Stephanie Herring: Yeah, so any event has to be defined in some way by space and time, and you could have an extreme event be an extreme annual global average temperature. So you're looking across the planet; You're looking at the temperatures across the planet over the course of a whole year and finding the warmest year on record. That could be considered an extreme event.

Alternatively, it could be the amount of precipitation that fell within one hour over Houston during a hurricane. And so I think that when you use the term “event,” one of the things that we do in our field is we require people to be very specific about defining that event. What region are you talking about, and what's the time period that you're talking about? And if you don't have those two things, then you don't have an event definition. And people actually spend a lot of time thinking about what is the definition of their event that they are looking at from a research perspective?

Ariel Conn: So hurricanes seem like obvious extreme events if they're severe enough. If you have a five-year drought, could that be considered an event?

Stephanie Herring: Yes.

Ariel Conn: Okay. So something else that I wanted to clear up before I start asking a little bit more details about your work: in some of the papers, I read about ocean heat events and terrestrial events and atmospheric events, and I was wondering if you could explain what the differences are between those — or how it's connected.

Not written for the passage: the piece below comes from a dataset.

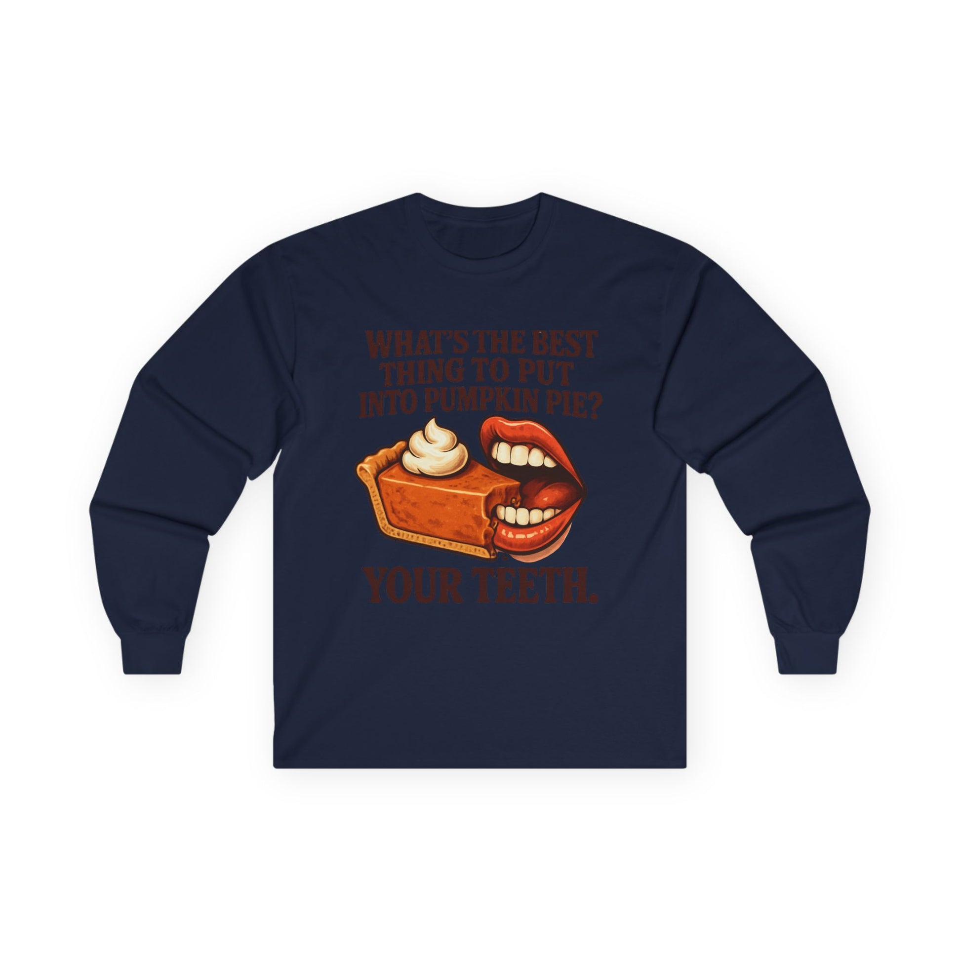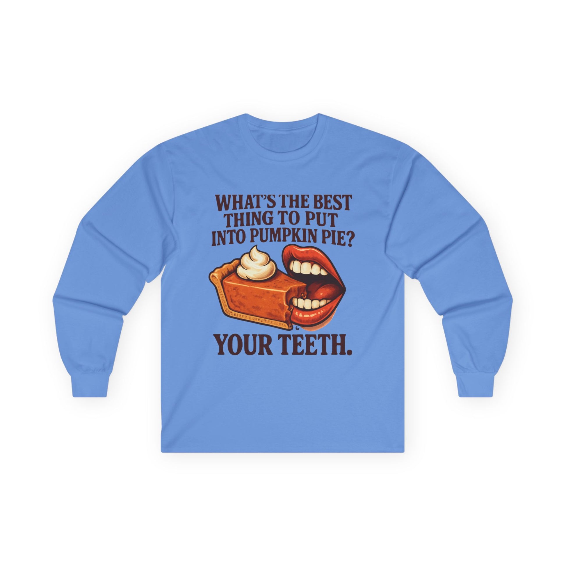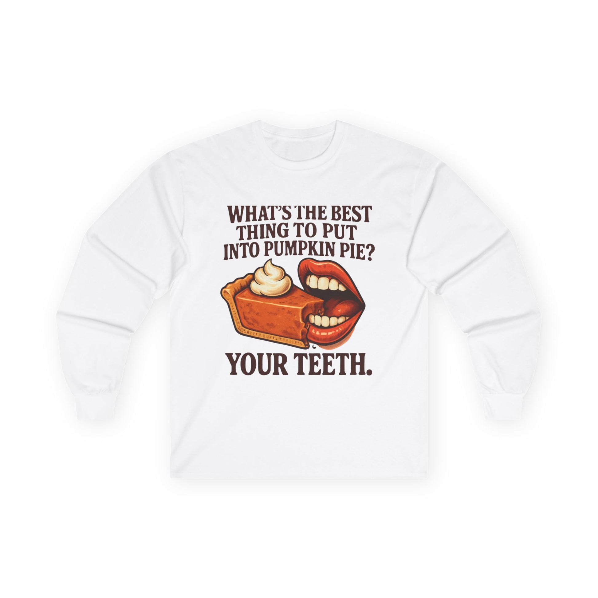 "What’s the best thing to put into pumpkin pie? Your teeth." long sleeve shirt

Stephanie Herring: So again, this really goes back to the definition of the event you're looking at. So not only is it in time and place, but what exactly are the physical phenomenon that you're looking at? Is it temperature, and if so, are we talking about a temperature in the air over a city, or the temperature of an ocean and looking at sea surface temperature? So needing to very clearly define an event before you can then go forward and make a statement about what happened is incredibly important, and we do actually spend a lot of time thinking about that. 

Because it'll be interesting: two people will come forward and say, "Oh, I looked at precipitation from Hurricane Harvey." And you'll see three different papers come out that looked at precipitation of Hurricane Harvey. And that's the title of their papers. If you look at how they define the event, they all use slightly different time periods, so what day to what day; slightly different geographic regions, so someone might've looked at the whole region of the Gulf; somebody might've looked at just the region where it stalled. Both of those are legitimate papers about Hurricane Harvey, but they define the event from their research perspective in a very different way.

Ariel Conn: Does that make your job more complicated? How do you deal with that?

Stephanie Herring: It can make it more complicated in the sense that when you're trying to compare two different results from two different papers that maybe seemingly looked at the same event, you need to actually make sure they did look at the same event, not just the name and what appeared in a headline, but from a scientific perspective, were they looking at the same thing? Were they actually asking the same questions?

It's actually really helpful if multiple groups who are independent look at the same event and then we can see how their answers may differ or be the same. And if they don't actually define the event the same way, they're not technically looking at the same event. It can make things a little bit tricky, but it also makes it, I think, more interesting because then you can really see where different methodological approaches have different benefits in terms of the information that they're able to provide.

Ariel Conn: More specifically to some of your work, you've been working on papers titled Explaining Extreme Events from a certain year from a Climate Perspective for a few years now. How long have you been doing that?

Stephanie Herring: Since 2011. BAMS Explaining Extremes 2011 was our first report.

Ariel Conn: Okay. What have you seen change over the years?

Stephanie Herring: I would say a couple things. One, potentially less interesting for the broader community but interesting to me, has been really the explosion in the number of people who have been able to engage in attribution work. And I think this is actually true across a lot of climate fields that rely a lot on modeling, is that the computational power, just the technology and the ability to run climate models and have access to all this different data information has really expanded. And so there's been an incredible leveling of the playing field within the research community as to just who can and can't do this work.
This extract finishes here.